### What you need to do
Under this line are the records; write out word for word the part that begins at the line containing "インスタントじゃなくてドリッ" and ends at the line containing "新款猫咪卡包女款ins复古可爱轻薄简约迷你证件零钱拉链收纳钱包", and no more.

### Records to process
* * *

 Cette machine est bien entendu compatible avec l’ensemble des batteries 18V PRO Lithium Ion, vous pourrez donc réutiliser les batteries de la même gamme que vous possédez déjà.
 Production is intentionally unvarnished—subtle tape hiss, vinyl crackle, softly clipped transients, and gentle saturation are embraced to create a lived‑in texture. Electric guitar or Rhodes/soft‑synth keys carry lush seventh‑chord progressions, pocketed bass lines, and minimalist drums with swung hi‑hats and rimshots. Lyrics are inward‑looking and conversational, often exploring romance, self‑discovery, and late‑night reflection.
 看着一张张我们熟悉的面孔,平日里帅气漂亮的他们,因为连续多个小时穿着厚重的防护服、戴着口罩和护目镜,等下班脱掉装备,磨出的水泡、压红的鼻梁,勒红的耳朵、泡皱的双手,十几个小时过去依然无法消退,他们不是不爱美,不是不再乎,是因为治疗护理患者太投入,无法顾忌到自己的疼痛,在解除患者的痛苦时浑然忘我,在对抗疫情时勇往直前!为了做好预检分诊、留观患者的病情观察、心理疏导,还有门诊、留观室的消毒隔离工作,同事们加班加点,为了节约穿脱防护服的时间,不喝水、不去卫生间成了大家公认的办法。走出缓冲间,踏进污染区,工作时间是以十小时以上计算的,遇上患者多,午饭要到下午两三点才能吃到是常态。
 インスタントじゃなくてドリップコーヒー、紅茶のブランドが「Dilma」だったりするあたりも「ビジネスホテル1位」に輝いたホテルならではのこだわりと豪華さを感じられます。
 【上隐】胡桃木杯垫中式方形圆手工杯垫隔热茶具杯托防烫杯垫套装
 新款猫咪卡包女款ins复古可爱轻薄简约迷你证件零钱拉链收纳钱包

* * *

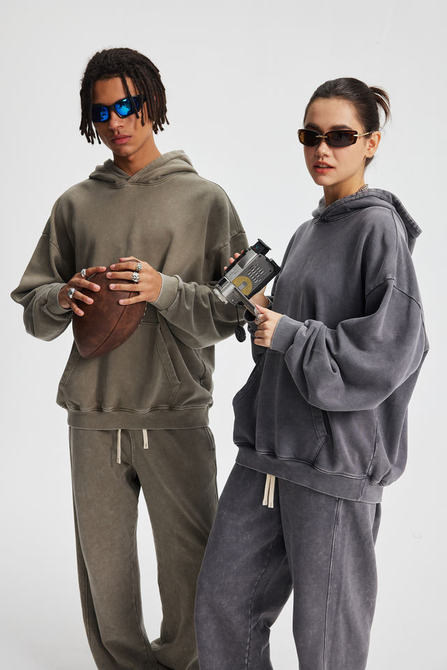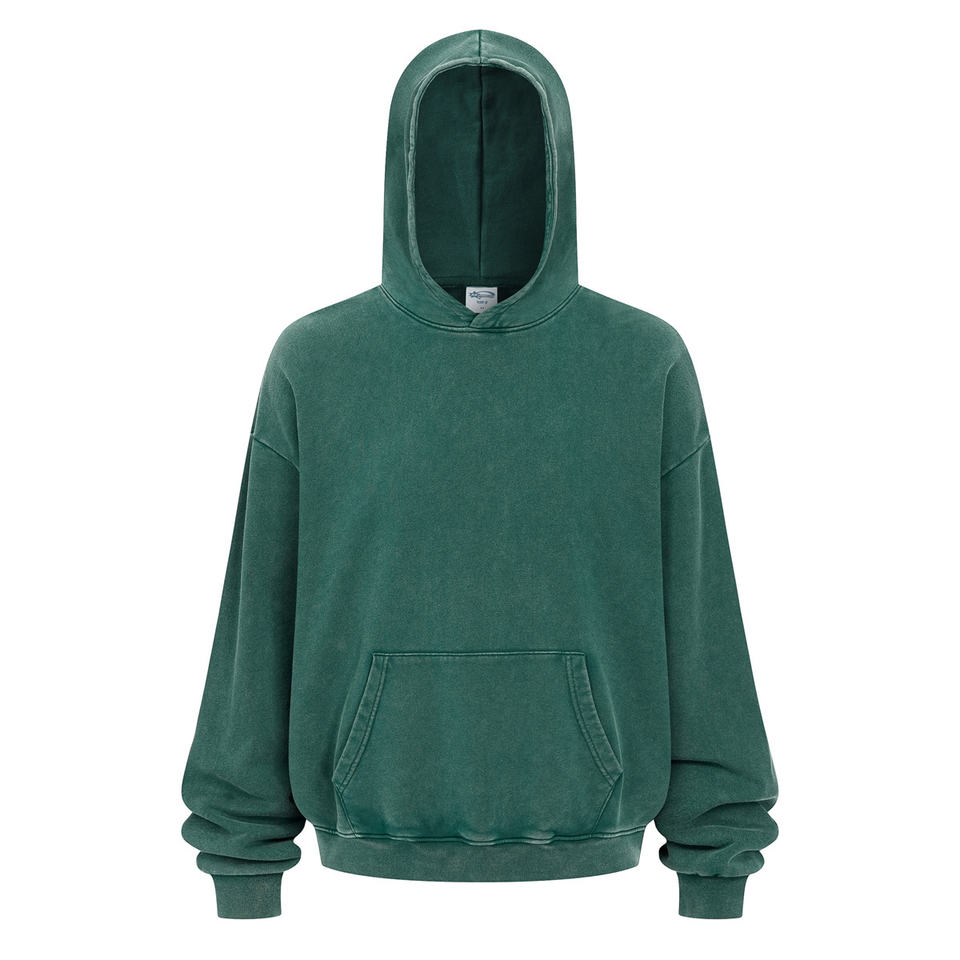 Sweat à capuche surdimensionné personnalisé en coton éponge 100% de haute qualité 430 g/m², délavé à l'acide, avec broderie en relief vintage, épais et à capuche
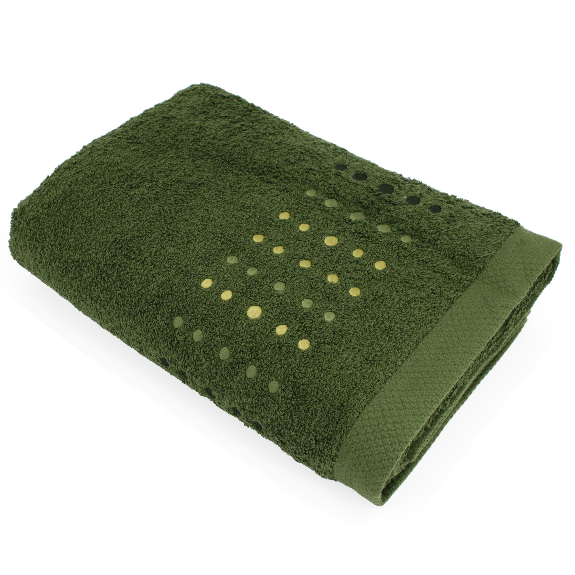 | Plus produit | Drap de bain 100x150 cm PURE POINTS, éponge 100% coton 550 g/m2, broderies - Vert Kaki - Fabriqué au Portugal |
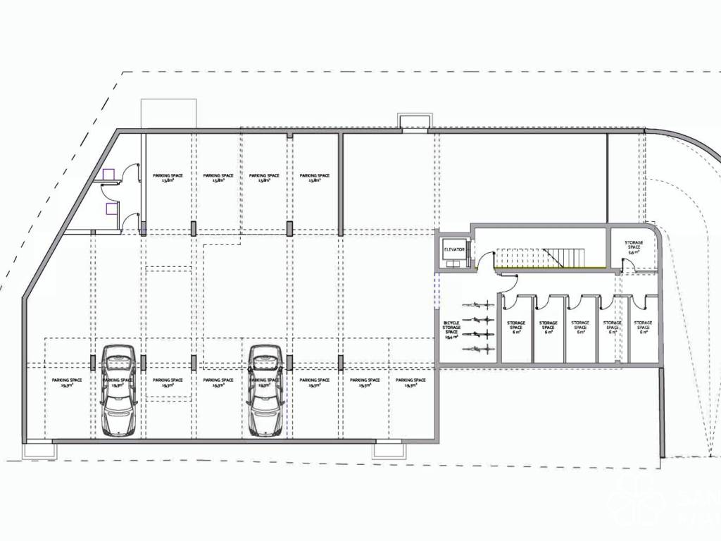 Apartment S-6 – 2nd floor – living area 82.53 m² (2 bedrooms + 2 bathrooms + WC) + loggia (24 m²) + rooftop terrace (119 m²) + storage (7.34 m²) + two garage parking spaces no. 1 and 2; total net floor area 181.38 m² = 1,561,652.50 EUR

* * *

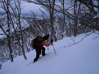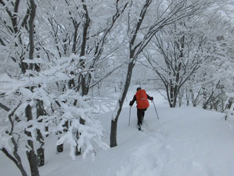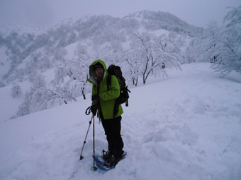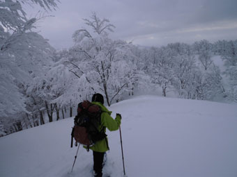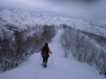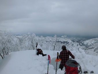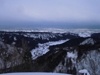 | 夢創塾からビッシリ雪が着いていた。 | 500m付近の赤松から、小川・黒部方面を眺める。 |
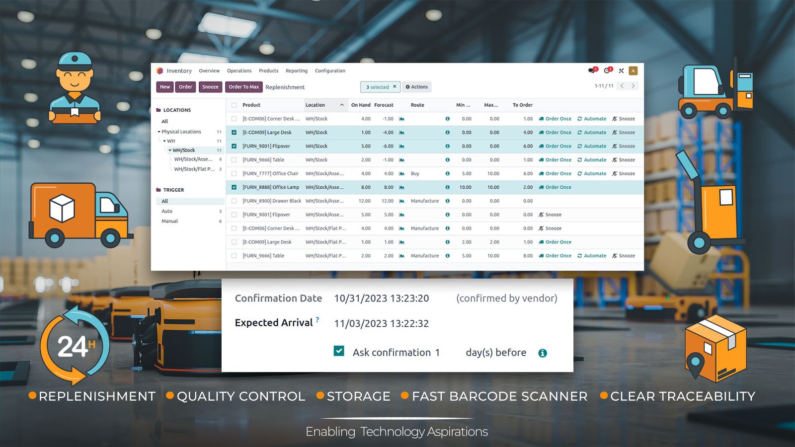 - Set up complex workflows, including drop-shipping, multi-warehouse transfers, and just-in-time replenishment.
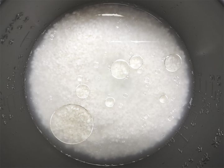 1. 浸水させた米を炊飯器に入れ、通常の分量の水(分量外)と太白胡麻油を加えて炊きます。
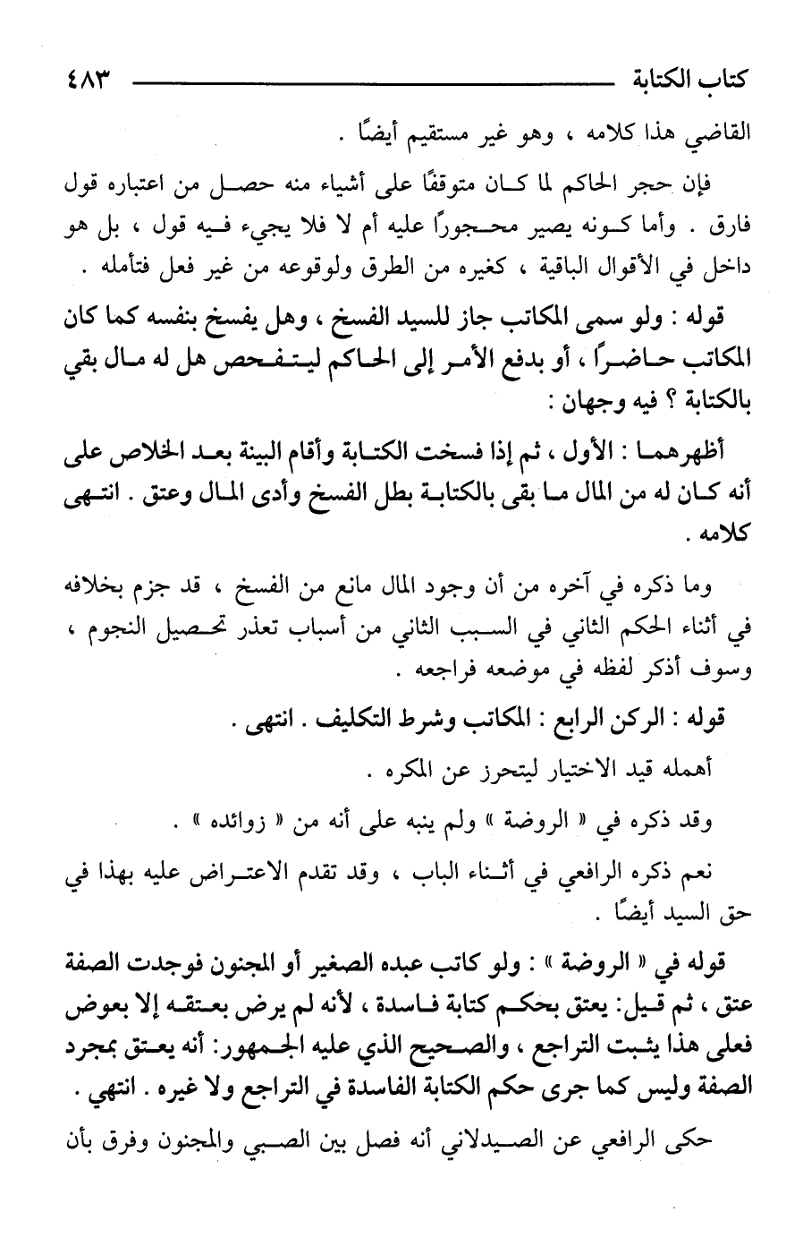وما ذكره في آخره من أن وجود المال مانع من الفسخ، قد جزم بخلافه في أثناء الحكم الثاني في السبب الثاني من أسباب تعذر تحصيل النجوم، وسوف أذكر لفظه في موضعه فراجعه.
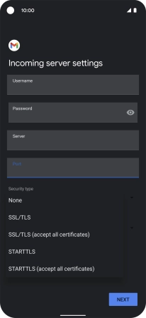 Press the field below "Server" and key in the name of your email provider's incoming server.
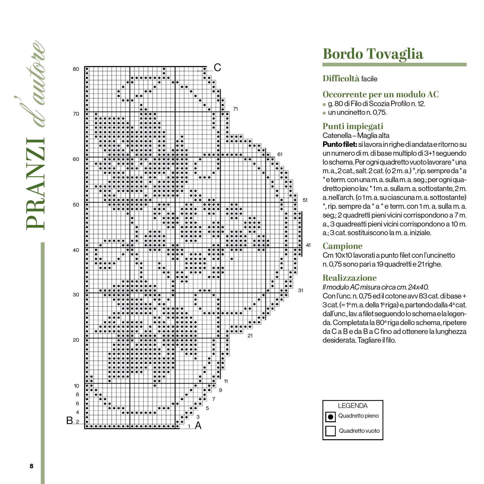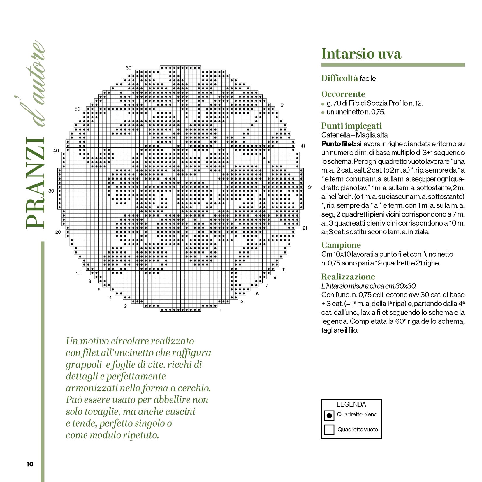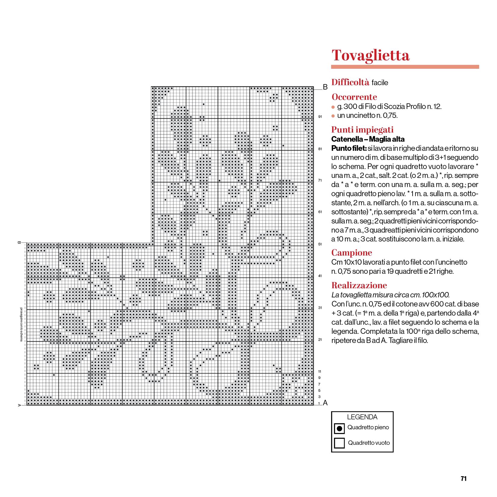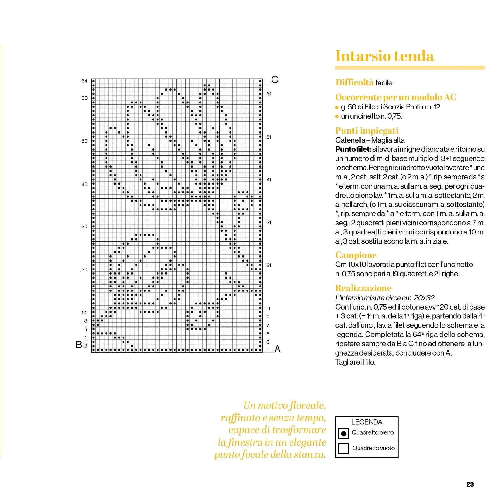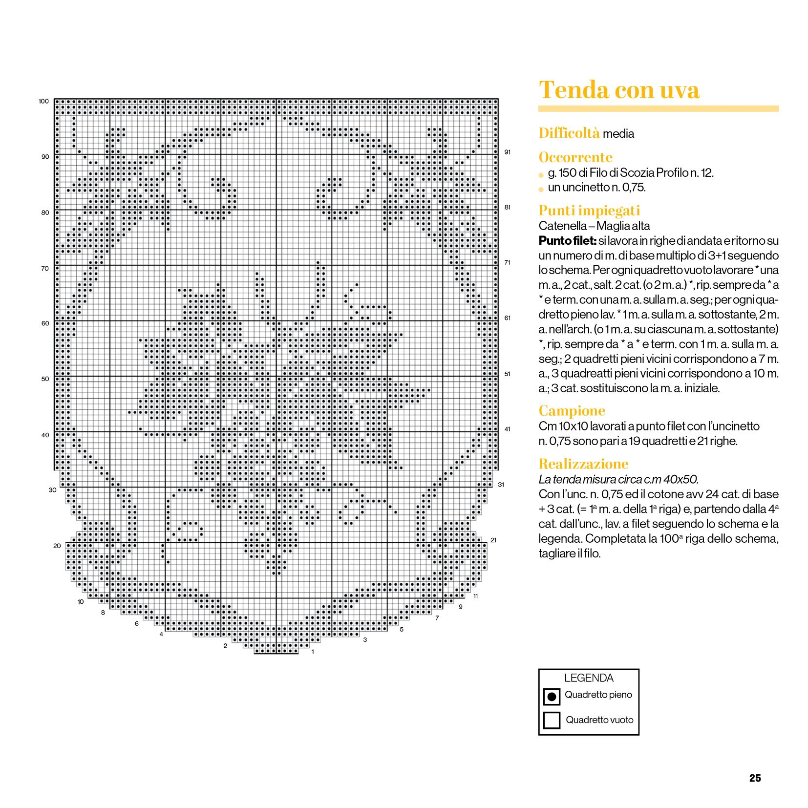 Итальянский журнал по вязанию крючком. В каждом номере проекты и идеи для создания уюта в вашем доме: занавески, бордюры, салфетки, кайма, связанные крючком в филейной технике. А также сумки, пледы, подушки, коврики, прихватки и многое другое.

* * *

### Reply to the exercise
 インスタントじゃなくてドリップコーヒー、紅茶のブランドが「Dilma」だったりするあたりも「ビジネスホテル1位」に輝いたホテルならではのこだわりと豪華さを感じられます。
 【上隐】胡桃木杯垫中式方形圆手工杯垫隔热茶具杯托防烫杯垫套装
 新款猫咪卡包女款ins复古可爱轻薄简约迷你证件零钱拉链收纳钱包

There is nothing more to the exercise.